Site Reliability Engineering Manager
United States Design / Civil engineering / Industrial engineering
Job description
Are you passionate about technology? Do you love leading teams to build new things? Do you want to help drive the future of IBM's Cloud offerings? If you answered YES, then we have the right opportunity for you!
The shift toward the consumption of IT as a service, i.e., the cloud, is one of the most important changes to happen to our industry in decades. At IBM, we are driven to shift our technology to an as-a-service model and to help our clients transform themselves to take full advantage of the cloud. With industry leadership in analytics, security, commerce, and cognitive computing and with unmatched hardware and software design and industrial research capabilities, no other company is as well positioned to address the full opportunity of cloud computing.
The Next Generation Cloud Network Engineering (NextGenCloud) team is a team dedicated to ensuring that the IBM Cloud is at the forefront of cloud technology, from data center design to network architecture to storage and compute clusters to flexible infrastructure services. While our focus is on Network as a Service (NaaS), we are part of the team building IBM's next generation cloud platform to deliver performance and predictability for our customers' most demanding workloads, at global scale and with leadership efficiency, resiliency and security. It is an exciting time, and as a team we are driven by this incredible opportunity to thrill our clients. We are looking for a Site Reliability Engineer to join our team, who innovates & shares our passion for winning in the cloud marketplace.

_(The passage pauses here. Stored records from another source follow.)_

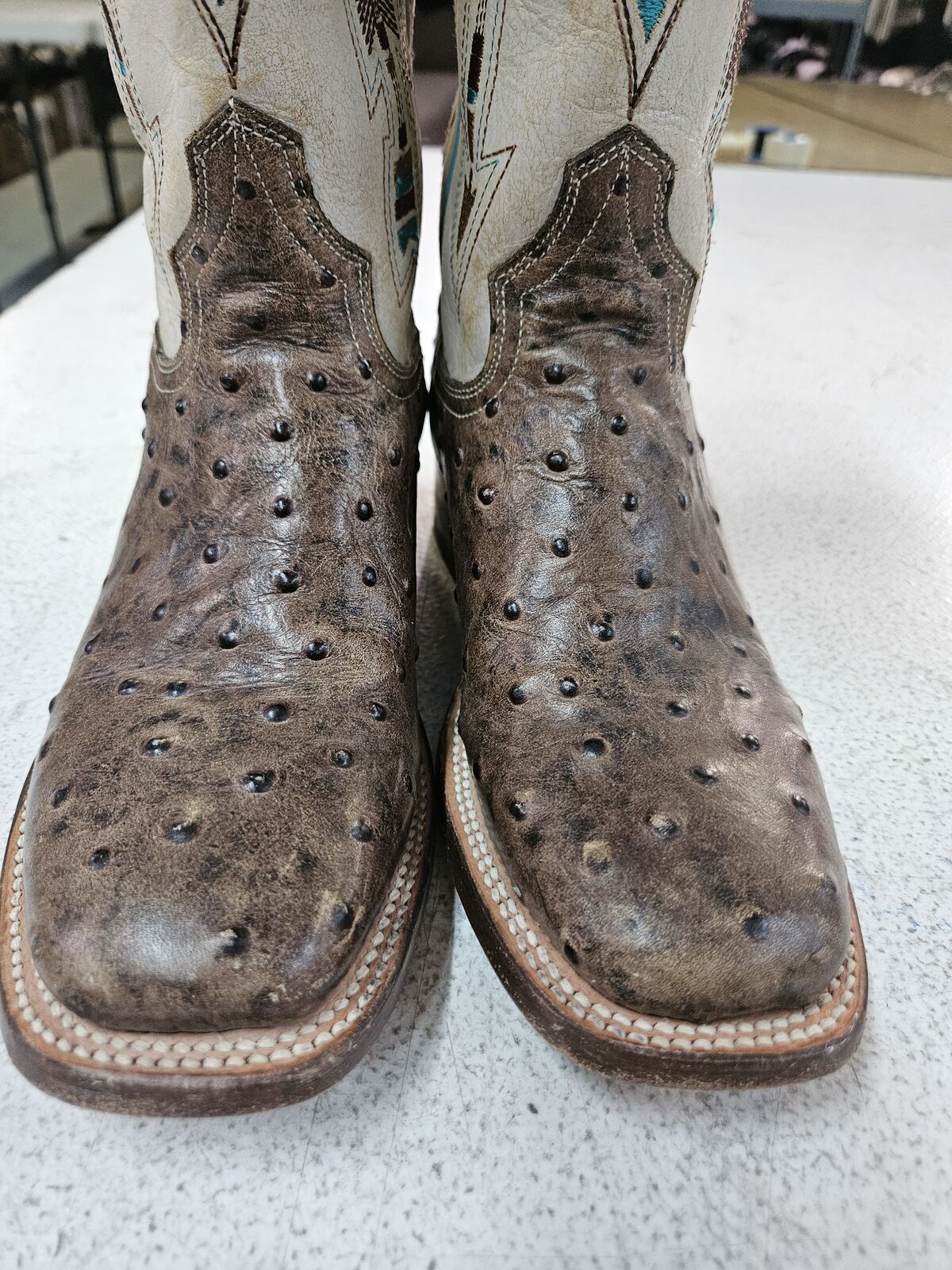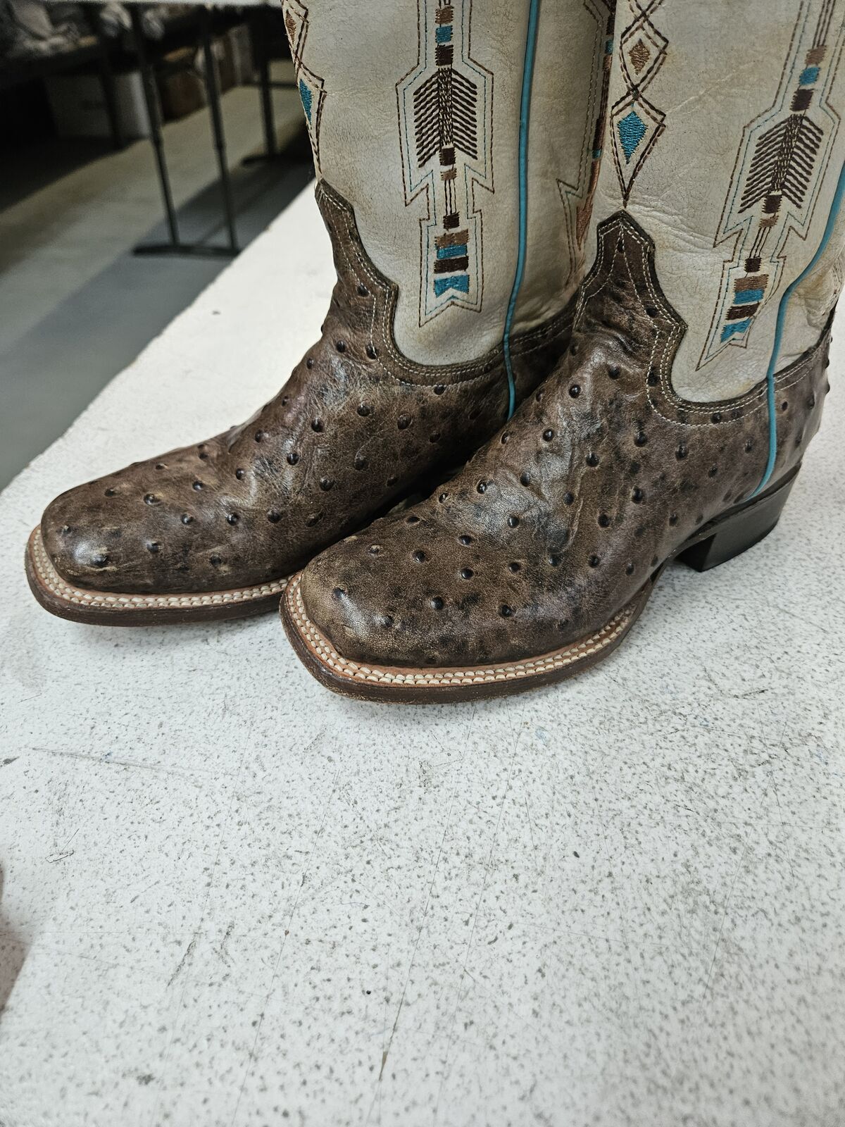 VenmoRoper cowgirl boots. Size 6 ladies. Ostrich leather print. Daughter wore them a few times and grew out of them. Original price $179.99. My loss your gain. $99 or best offer 801-372-0202
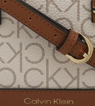 Elevate your style with the Calvin Klein vanilla & caramel logo medium satchel. This chic satchel combines classic design with a modern twist, featuring a luxurious vanilla and caramel color palette and the iconic ck logo. With a spacious interior and multiple pockets, this bag is perfect for on-the-go essentials. The high-quality materials and craftsmanship ensure durability and style that will last. Make a statement with this versatile satchel that effortlessly transitions from day to night, adding a touch of sophistication to any outfit.
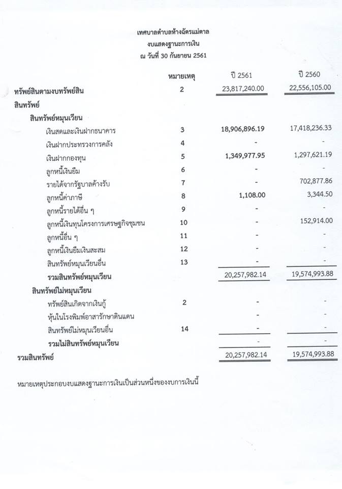เทศบาลตำบลห้างฉัตรแม่ตาล เรื่องบแสดงฐานะการเงิน ประจำปีงบประมาณ 2561 0 Share FacebookTwitterGoogle+ReddItWhatsAppPinterestอีเมล์
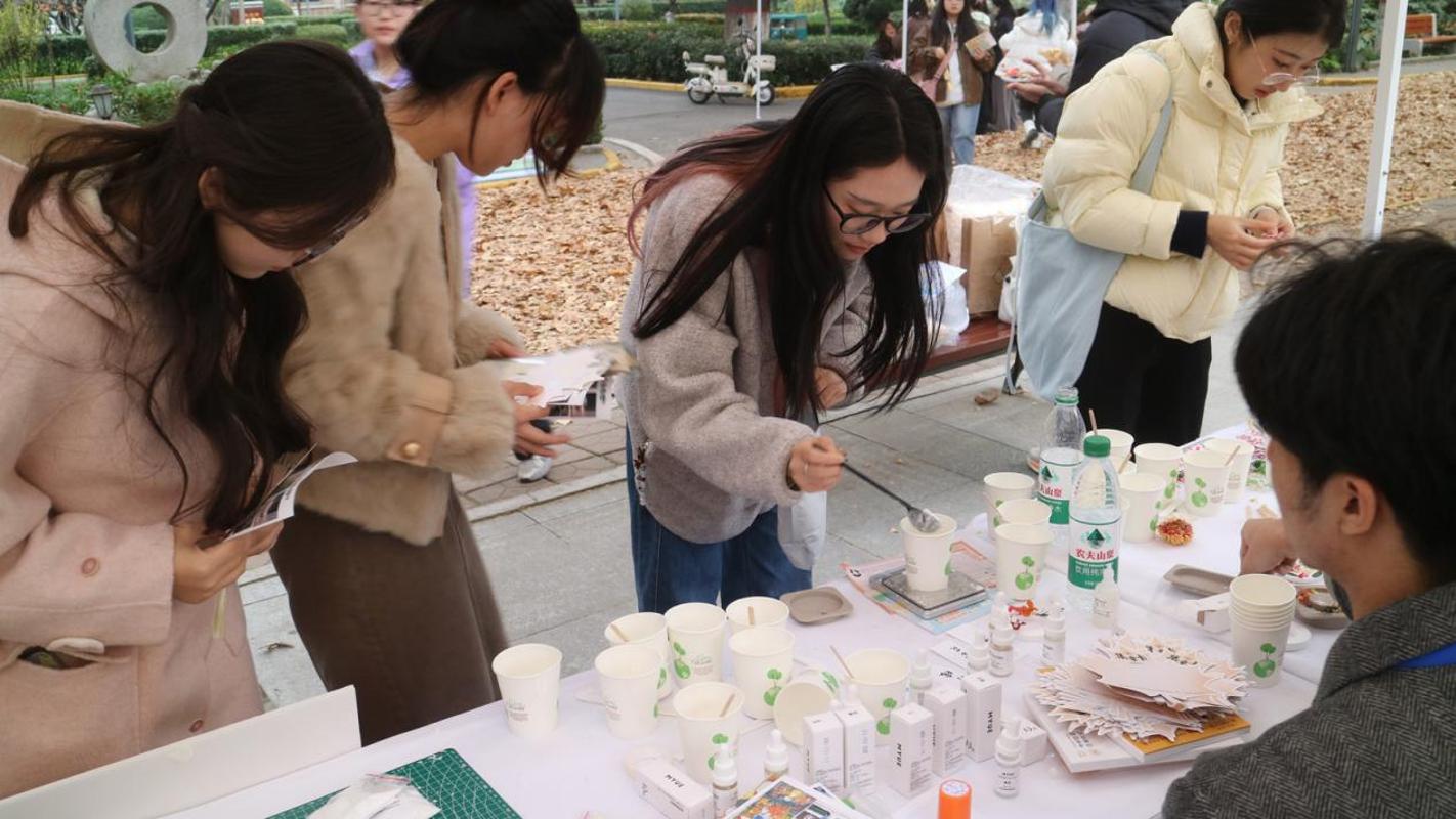 从各校区绵延数百米金色的梧桐大道,到以古典诗句装点的“梧桐诗语”亚克力板;从落叶留言板上密密的秋日心语,到“萌趣小梧桐”旁定格的一张张笑颜;从“创意梧桐”合影框中探出的灿烂脸庞,到“百变秋颜”面具墙后藏着的青春秘密——更有创新港校区师生以落叶为材,巧手制作的梧桐造型摆件、落叶拼画等创意景观,为校园增添了手作的温度与趣味。八大主题景观将自然之美与人文之趣巧妙融合,装点出一个可观赏、可互动、可珍藏的诗意校园,让每一位漫步其中的人都能感受到秋日的浪漫与温暖。

This position is for a Site Reliability Engineer Manager who should have at least 12 years' industry experience. In this role, you will work as the manager of the Site Reliability team with the following key responsibilities:
· Manage a team of highly skilled DevOps engineers responsible for ensuring maximum uptime of NaaS software and associated infrastructure.
· Provide detailed trouble reports back to the development teams including automated methods to reproduce any defects; ensure that these reports are complete and accurate.
· Direct troubleshooting and maintaining pre-production CICD systems in support of deployment.
· Lead the team to ensure automation and the highest level of determinism possible in the installation and configuration of new systems (software and hardware).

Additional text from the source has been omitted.